In humans that are XX/XO mosaics, the phenotype is highly variable, ranging from females who have classic Turner syndrome symptoms to females who are essentially normal. Likewise, XY/XO mosaics have phenotypes that range from Turner syndrome females to essentially normal males. How can the wide range of phenotypes be explained for these sex-chromosome mosaics?

Mosaicism refers to the presence of two or more genetically different cell lines within an individual, resulting from mutations or chromosomal abnormalities during early development. In the context of sex-chromosome mosaics, this means that some cells may have different combinations of sex chromosomes, leading to a variety of phenotypes. This variability can significantly affect physical traits and health outcomes.

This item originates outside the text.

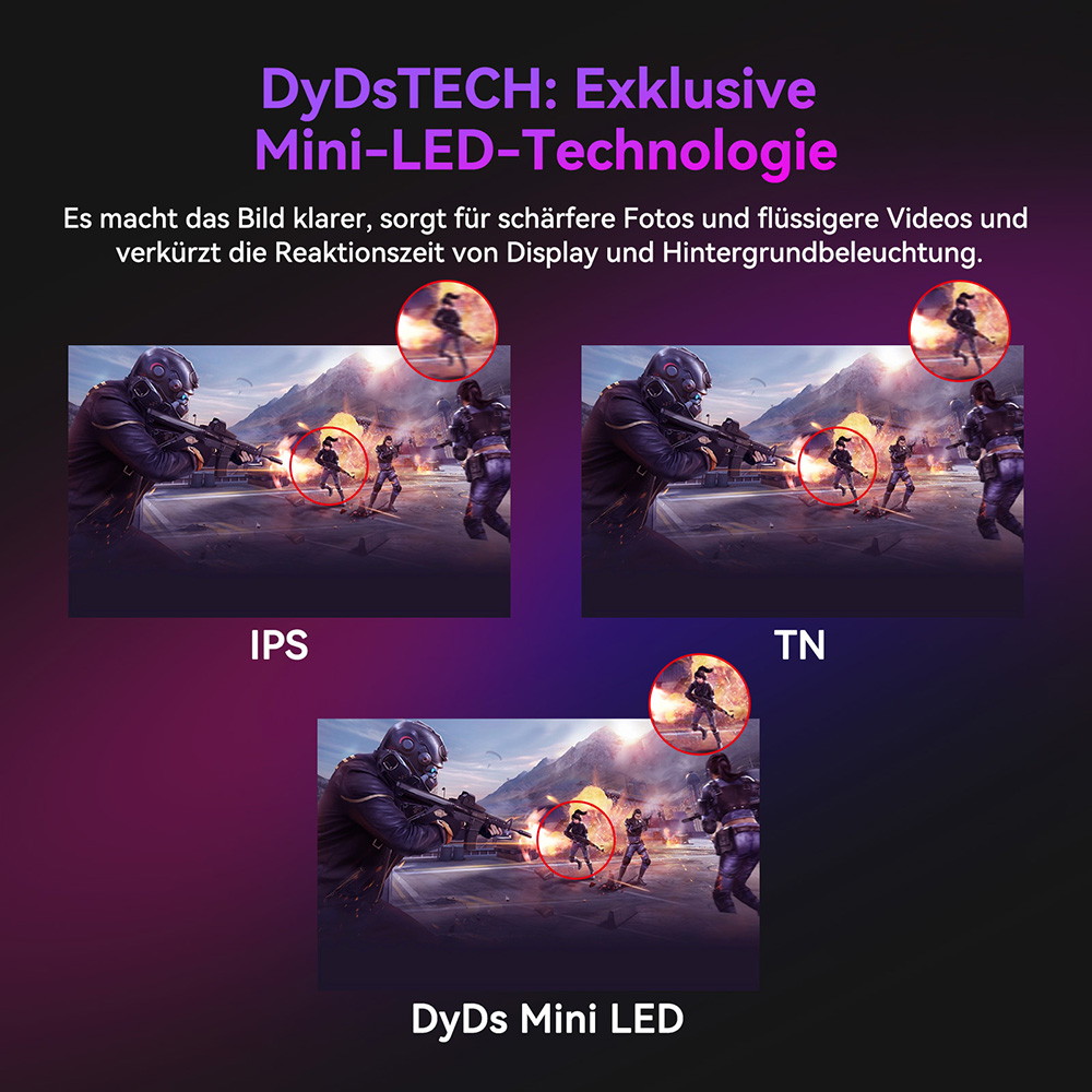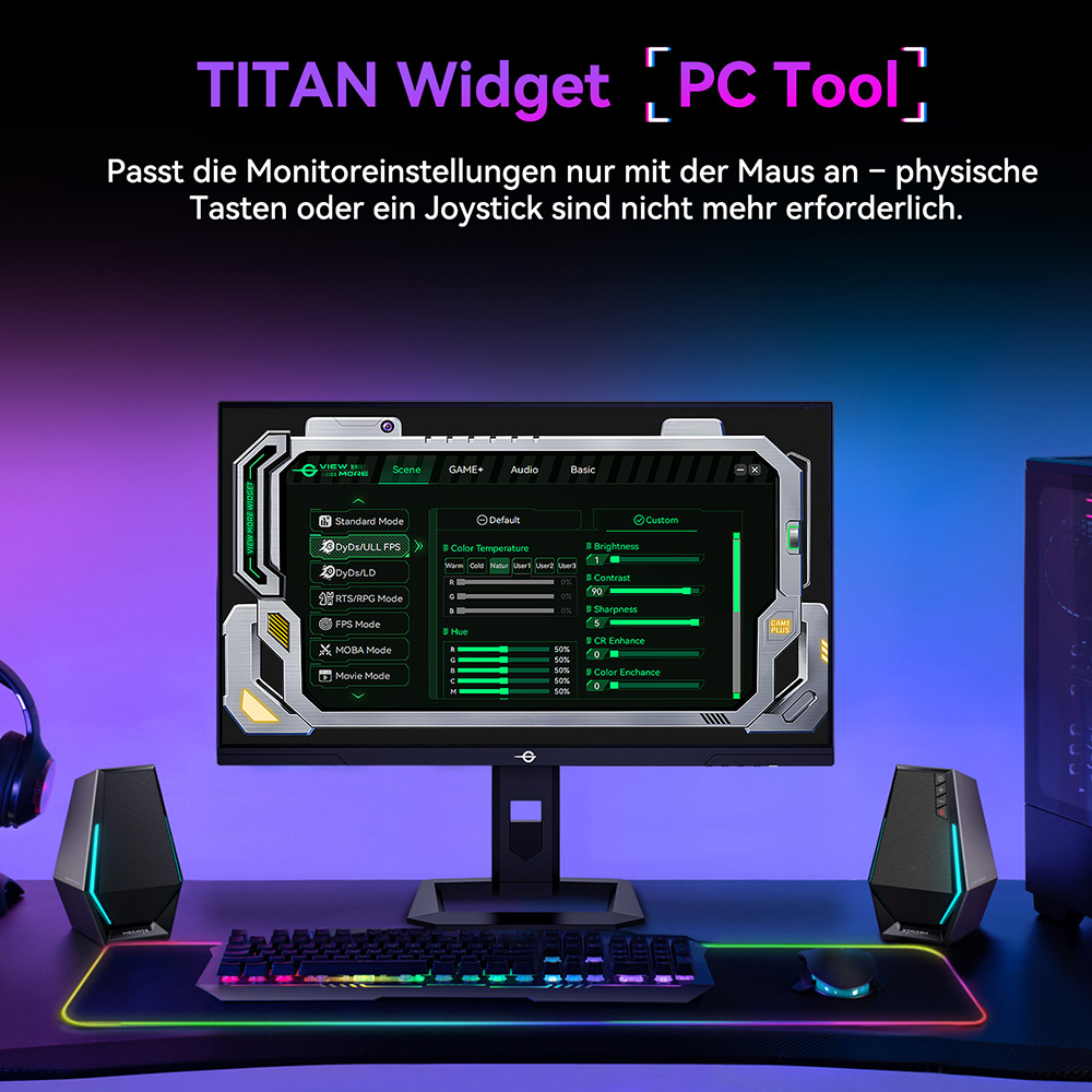 Der TITAN ARMY P275MV PLUS setzt auf modernste Mini-LED-Technologie. Tausende winziger LEDs bilden die Hintergrundbeleuchtung, gesteuert über 1152 unabhängige Dimmzonen. Das Ergebnis: präzise Helligkeitssteuerung, herausragende Gleichmäßigkeit und ein Kontrast, der weit über herkömmliche IPS-Panels hinausgeht. Die DyDs-Technologie (Dynamic Dimming System) verbessert zudem die Darstellung in dunklen Szenen und sorgt für gestochen scharfe Bewegungen. Mit dem TITAN Widget Tool passen Sie alle Einstellungen bequem per Maus an – ganz ohne lästige Tasten am Monitor.
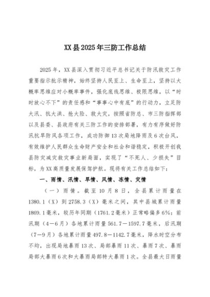 / 【七哥公文】2025年:XX县2025年三防工作总结+更多免费公文+VX:QiGeGongWen2024

Turner syndrome is a genetic condition that occurs in females who have only one X chromosome (45,X) or a partial X chromosome. It is characterized by features such as short stature, delayed puberty, and infertility. In mosaic cases, some cells may have the typical XX configuration, while others may have the XO configuration, leading to a spectrum of symptoms and phenotypes, from classic Turner syndrome to normal female characteristics.

Phenotypic variability refers to the range of observable traits or characteristics that can arise from a single genotype due to environmental influences, genetic interactions, or developmental factors. In sex-chromosome mosaics, the differing combinations of sex chromosomes in various cell lines can lead to a wide array of phenotypes, as some cells may express traits associated with one sex while others may not, resulting in a complex interplay of characteristics.